__DATASET SECTION__

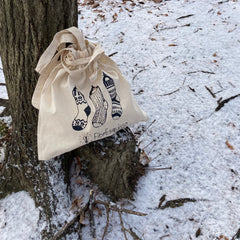 大きめのプロジェクトバッグです。イラストは「靴下」。生地は薄手で、ウェアや巻物など大きめの作品を入れるのに適しています。雑誌も入ります!
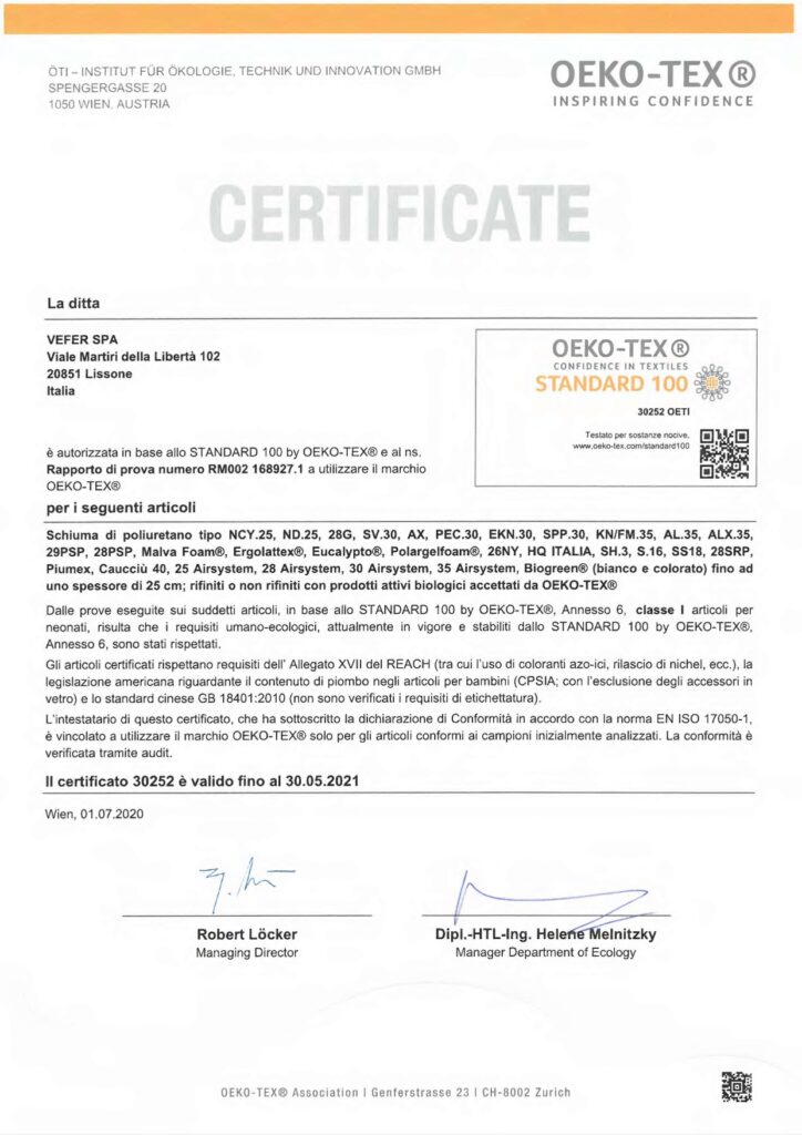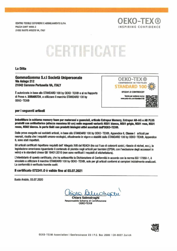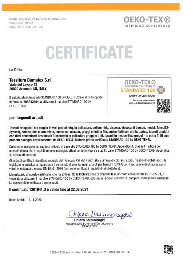 ECCO LE NOSTRE CERTIFICAZIONI STANDARD 100 BY OEKO-TEX
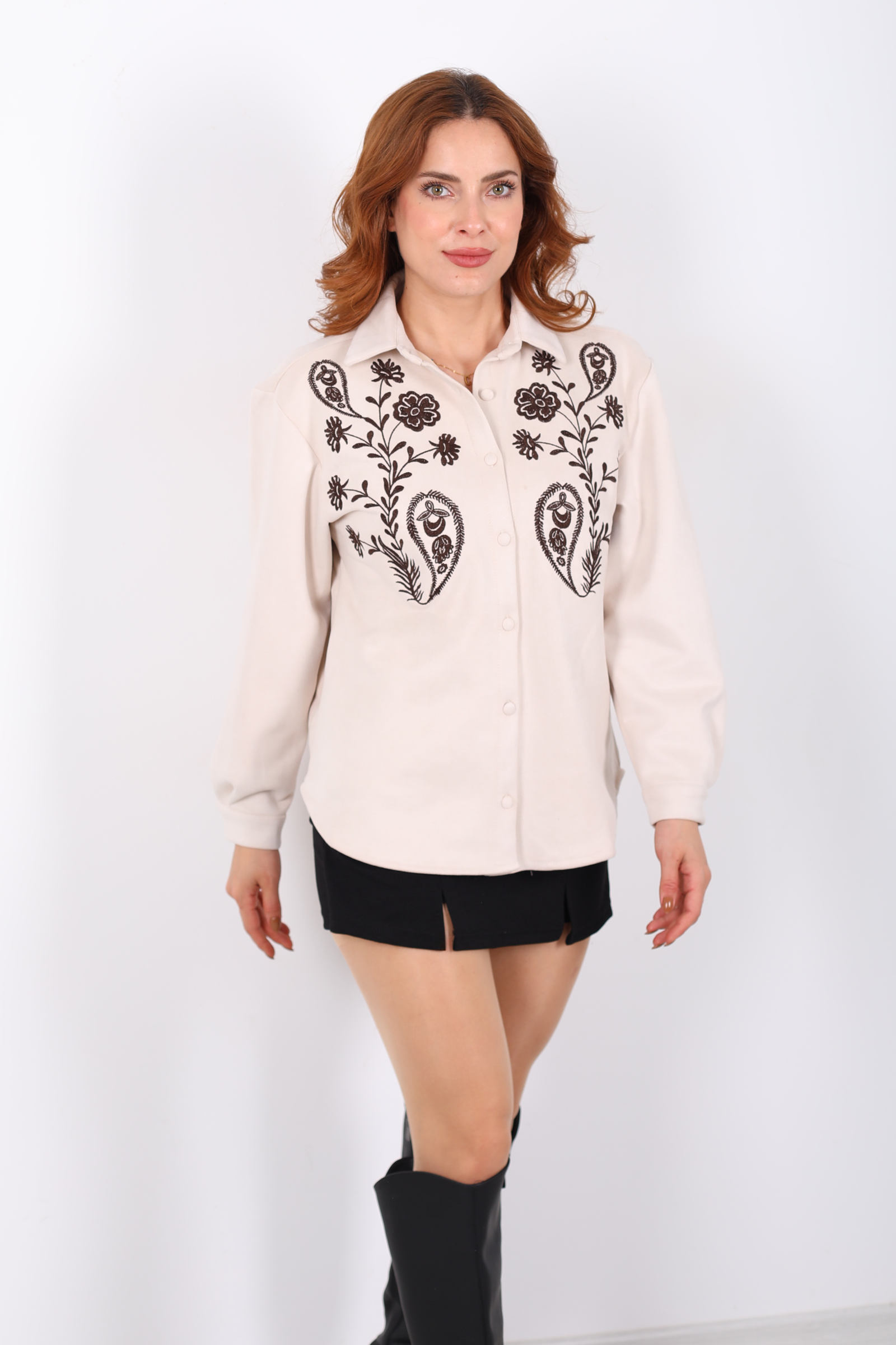 Çiçek Nakışlı Taş Rengi Kadın Süet Gömlek

__WHAT YOU WILL DO__
Only the lines from the one containing "ECCO LE NOSTRE" through the end of the listing above should be reproduced, exactly as they stand. Leave the pictures out.

__RESULT FOR THIS EXERCISE__
 ECCO LE NOSTRE CERTIFICAZIONI STANDARD 100 BY OEKO-TEX
 Çiçek Nakışlı Taş Rengi Kadın Süet Gömlek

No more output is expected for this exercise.